The comparison to macOS Snow Leopard (Apple’s 2009 release that ditched new features in favour of under-the-hood fixes) is a useful frame. If you were hoping for a long list of new capabilities, this is not that update. If you were frustrated by slowness or rough edges in iOS 26, this is more likely to satisfy.

What’s actually new in iOS 27?

The most talked-about addition is Siri’s AI upgrade, which the reviewer says is already changing day-to-day iPhone use. Beyond Siri, the concrete changes reported are:

  • App launches are faster across the board.
  • Photos search returns results more quickly.
  • AirDrop transfers complete faster.
  • The Messages app gains inline replies (responding to a specific message inside a thread) and end-to-end encryption for RCS messages (the modern texting standard that replaced SMS for Android-to-iPhone chats).
  • Liquid Glass, Apple’s translucent interface style, has been further polished since its introduction.

Why it matters

For business owners and operators, the RCS encryption change is the most practically significant item on this list. Teams that use iMessage with colleagues and SMS or RCS with Android contacts now get a more consistent security baseline across both message types, without needing a third-party app.

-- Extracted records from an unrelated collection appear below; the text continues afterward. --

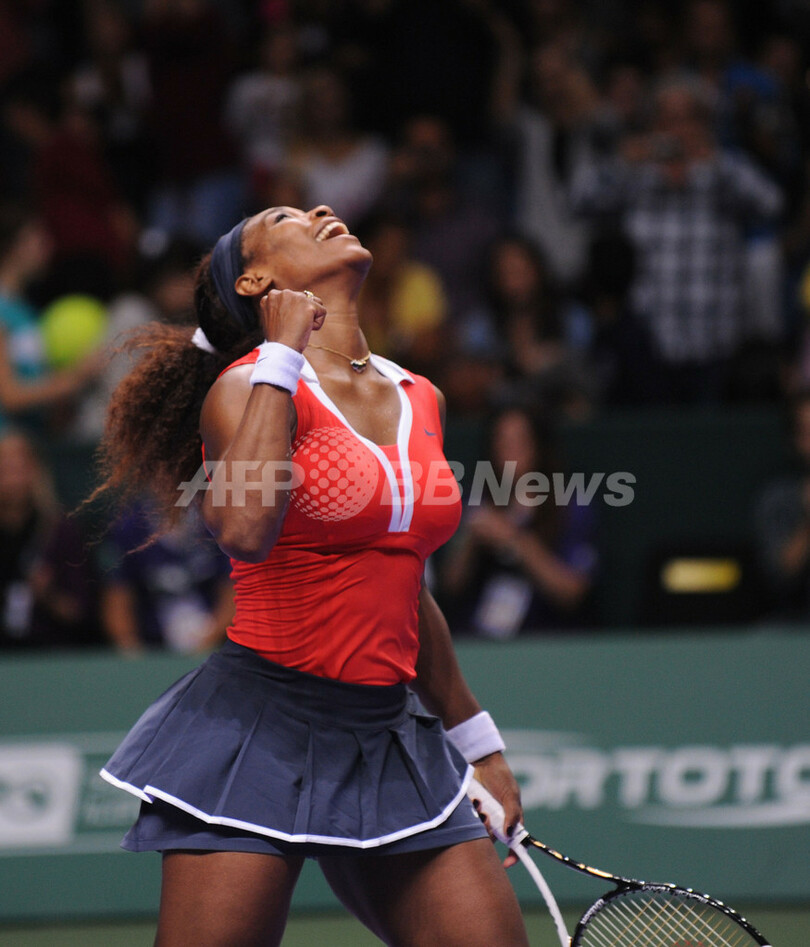 試合に勝利し歓喜するセレーナ・ウィリアムス(2012年10月28日撮影)。(c)AFP/BULENT KILIC
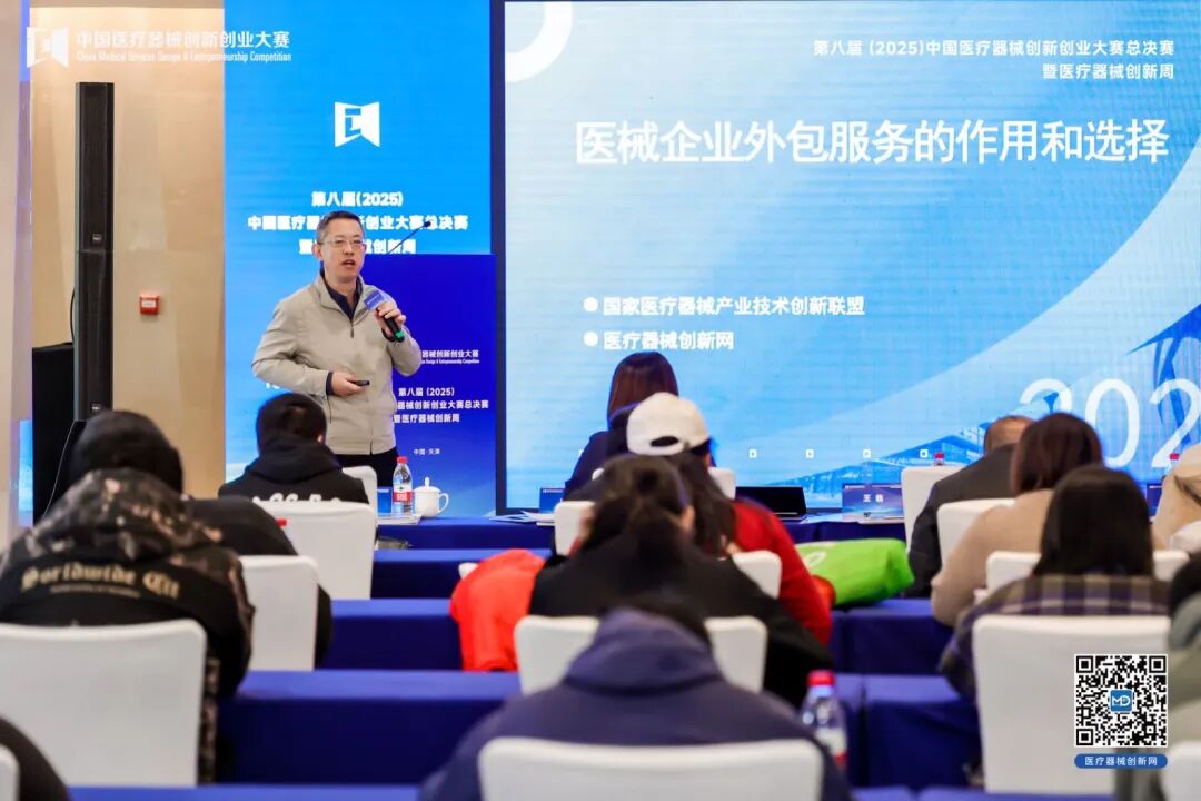 浙江国创医疗器械有限公司总经理王临聚焦医械企业外包服务展开分享。他先阐述了外包服务在降本增效、专业赋能、灵活适配、风险管控方面的核心优势,同时详解了依托行业联盟、协会及部委支持,以创新网和创新创业大赛为核心载体,整合多地实体基地、资本及行业资源,提供研发、生产、融资、出海等全生命周期服务(涵盖企业创新创业、机构合作、特色创业培训等)的平台体系,并且为企业选择外包服务给出了针对性建议。
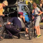 – Spisaliśmy ponad trzydzieści rowerów. W przypadku kradzieży będzie nam łatwiej ustalić właściciela – mówi starszy sierżant Dariusz Antoniewicz z Komendy Powiatowej Policji w Jaworze. Funkcjonariusz przywiózł ze sobą także prezenty: kolorowe odblaski i słodycze.

The Siri AI changes matter too, especially for anyone using an iPhone to manage calendars, draft messages, or pull up information quickly. A faster, more capable Siri reduces friction in workflows that currently feel clunky. If you’ve been relying on workarounds, it’s worth retesting your usual tasks on the beta.

For businesses thinking about AI integration across their tools and workflows, the direction Apple is taking with on-device AI in iOS 27 is a signal: AI assistance is moving into the OS layer, not just third-party apps.

Our take

The Snow Leopard framing is honest, and refreshing from a company that usually oversells every release. A performance-focused update is genuinely useful, even if it doesn’t generate keynote excitement. The Siri AI improvements are the real story here, but the source is light on specifics about what Siri can now actually do versus what it couldn’t before. We’d treat the beta as useful for testing, not for production devices.

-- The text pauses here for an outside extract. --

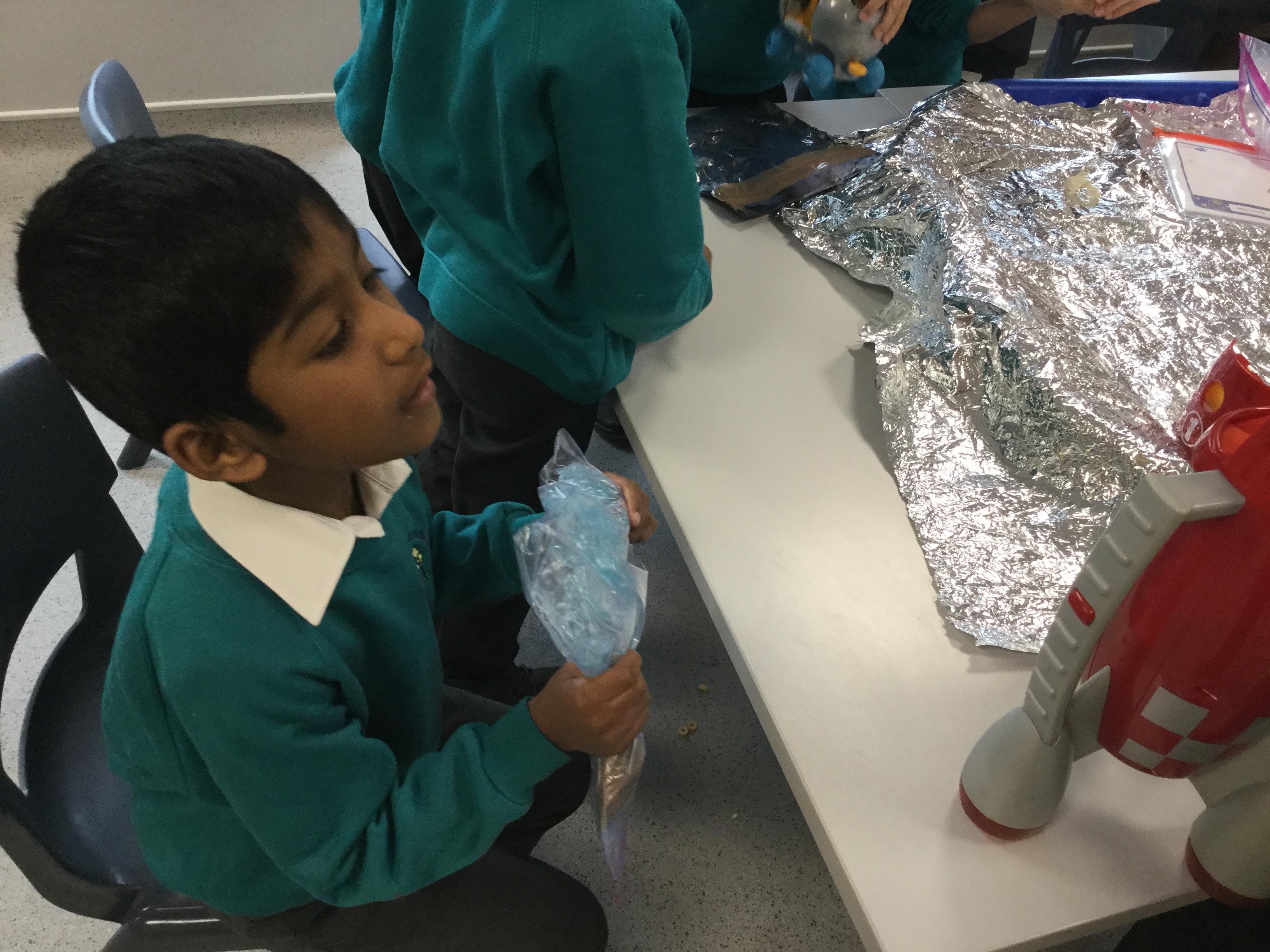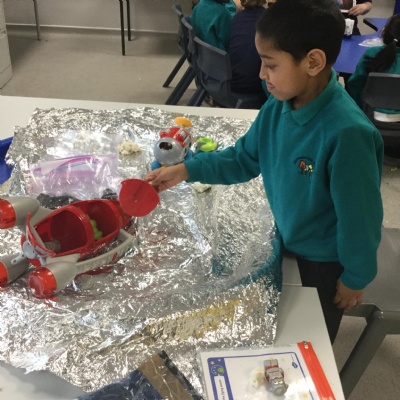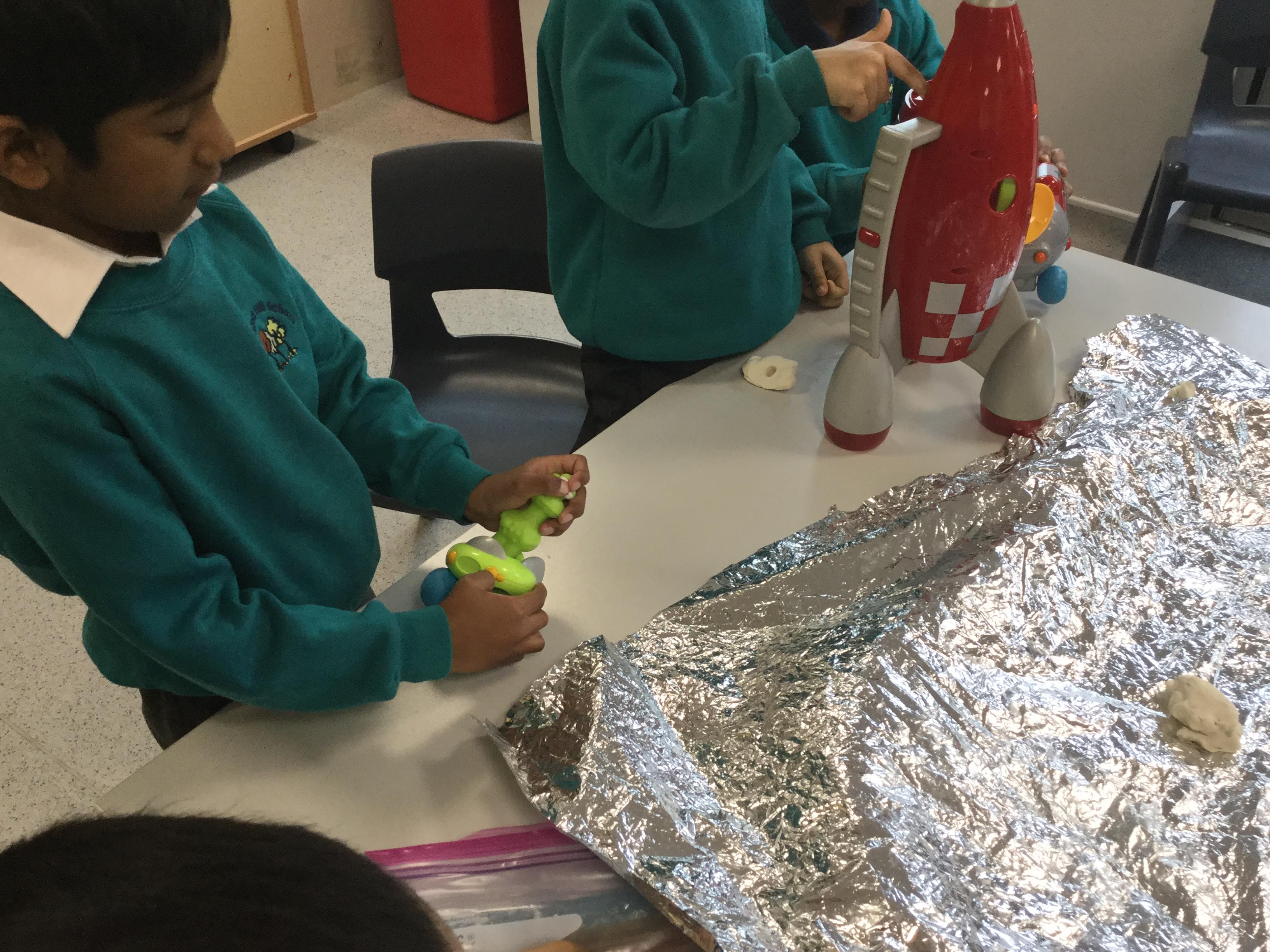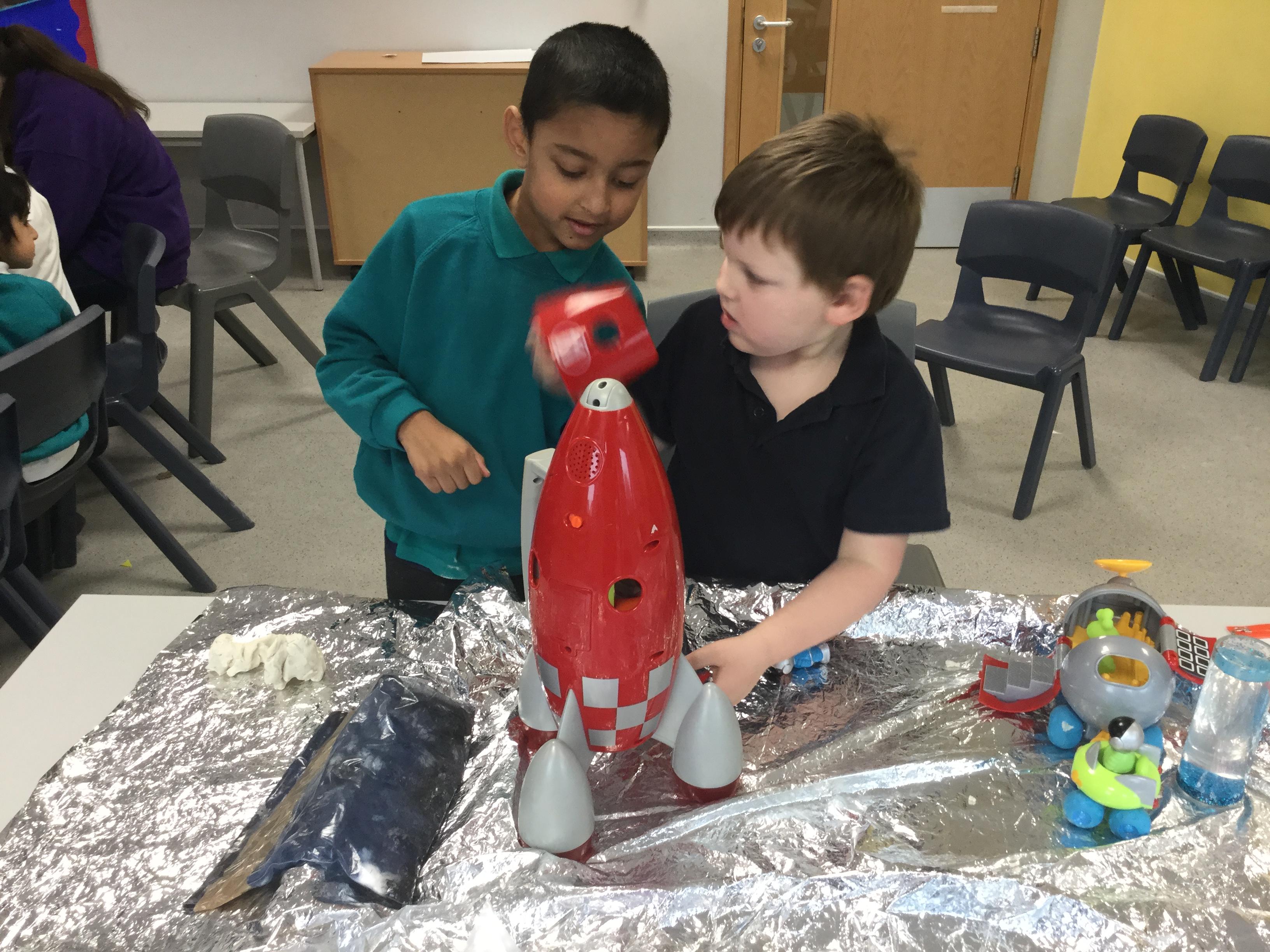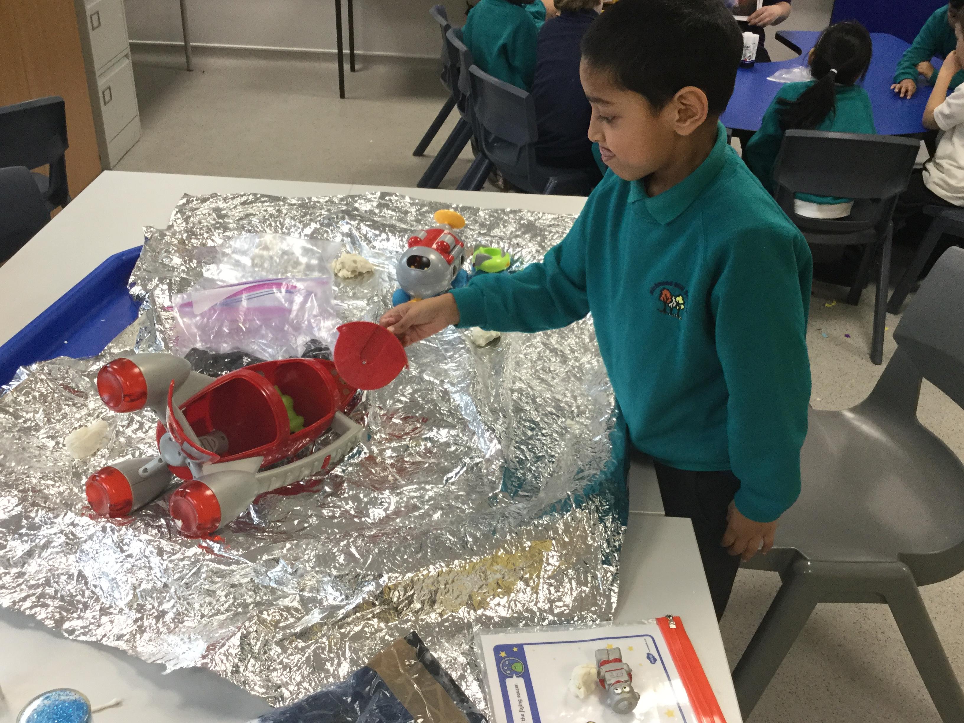 We went to space this week. We explored the space themed tuff spot tray, made planet crafts using marbling and chose aliens and rockets to stick onto our space pictures.

The RCS encryption addition is overdue and welcome. It brings Apple’s messaging closer to what Signal and WhatsApp already offer, without requiring users to change apps. For any business that sends sensitive information over text, this is worth understanding before the full release.

If you want to track how on-device AI is reshaping mobile tools and what that means for your digital setup, our AI news coverage follows these developments as they land.

What to do about it

  1. Install the public beta on a secondary device if you want to test Siri AI features before the full release.
  2. Check whether your team’s messaging workflows benefit from RCS end-to-end encryption and document any changes to your communication policy.
  3. Avoid running the beta on a primary business device until stability issues shake out.
  4. Revisit any Siri shortcuts or automation sequences you’ve built; faster responses and new AI capabilities may let you simplify them.

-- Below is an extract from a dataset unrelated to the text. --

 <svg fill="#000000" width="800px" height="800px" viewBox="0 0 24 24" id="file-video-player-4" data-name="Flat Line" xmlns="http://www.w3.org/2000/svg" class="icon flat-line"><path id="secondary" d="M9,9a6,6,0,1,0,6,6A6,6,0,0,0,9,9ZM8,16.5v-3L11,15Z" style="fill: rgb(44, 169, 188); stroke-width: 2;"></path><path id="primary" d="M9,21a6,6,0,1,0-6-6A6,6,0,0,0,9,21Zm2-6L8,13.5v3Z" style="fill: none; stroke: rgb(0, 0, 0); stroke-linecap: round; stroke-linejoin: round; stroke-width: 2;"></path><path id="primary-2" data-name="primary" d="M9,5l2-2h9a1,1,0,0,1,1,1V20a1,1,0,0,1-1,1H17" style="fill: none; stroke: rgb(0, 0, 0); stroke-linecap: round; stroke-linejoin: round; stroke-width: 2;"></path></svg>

The full release of iOS 27 will tell us more, but if Apple has genuinely shipped a tighter, faster OS with a meaningfully improved Siri, that’s a better outcome than another overpromised feature list that lands half-finished.

Source: The Verge · AI

Frequently asked questions

What is new in iOS 27 public beta?

iOS 27 focuses on performance improvements rather than new features. Key changes include a faster Siri with AI upgrades, end-to-end encrypted RCS messages, inline replies in Messages, faster app launches, quicker Photos search, and faster AirDrop transfers.

Is iOS 27 a big update?

It is described as a 'Snow Leopard' style update, meaning it prioritises fixing existing issues and improving speed over introducing major new features.

Does iOS 27 support RCS end-to-end encryption?

Yes. iOS 27 adds end-to-end encryption for RCS messages in the Messages app, along with support for inline replies.

When did the iOS 27 public beta come out?

The first iOS 27 public beta launched today, after developer beta testing that began in early June.